# Wheeler's "information theoretic" derivation of quantum information

1980s. John Wheeler at the University of Texas would tell his students, “Give an information theoretic derivation of quantum theory!” Information theoretic is an adjective for Claude Shannon's information theory, which used log probabilities to represent bits.

With this desperate call to make quantum theory relatable to information theory, or molded in its likeness, is the link between Shannon's information theory unnaturally linked to "quantum theory of information"? In other words, is the connection between them man-made (superficial) and quantitatively contrived? or are classical and quantum information naturally bonded?

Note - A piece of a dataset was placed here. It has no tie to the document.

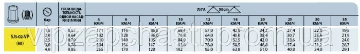 Характеристики распылителей КАС Teejet:
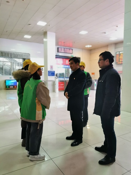 魏立平听取了九江车务段负责同志对暖冬行动情况的介绍,并来到售票厅、进站口、咨询台、候车室等志愿者服务区域,与我校春运志愿者亲切交谈,全面详细了解志愿者在售票指引、安检引导、旅客疏导等志愿服务岗位上的工作情况。魏立平亲切问候我校大学生志愿者,向他们致以新春祝福,赞扬他们放弃假期发扬奉献、友爱、互助、进步的志愿者精神助力春运,为旅客出行提供细致入微的温暖服务,也为九院学子赢得良好社会声誉。他希望志愿者们弘扬九江学院服务社会的优良传统,展示时代新人形象,树立九江文明标杆,在服务旅客过程中受教育、长才干、作贡献。他还叮嘱同学们在确保服务质量的同时注意安全,要求校团委加强和有关部门的协作,不断健全志愿者工作保障机制,保障“暖冬行动”青年志愿者有序、平安、快乐地参与志愿服务。

What did Wheeler's career conclude about the connection between information theory and quantum theory (quantum information)? Was he able to derive it information theoretically, and what exactly is the derivation?

It's a testament to Wheeler's foresight and pedagogy that he saw this as a productive direction to push his students. Whether one views it as natural or not, it was certainly highly productive. Wheeler was both brilliant and highly creative, and he was generally happy to socialize creative theories before he could rigorously support them. According to Feynman$${}^\dagger$$ (another of Wheeler's PhD students) one the critical insights that led to his path integral formulation resulted from Wheeler informing him of his conclusion that there was only a single electron in the universe.
$${}^\dagger$$ If you don't want to read the whole Nobel Lecture, search "Because, they are all the same electron!"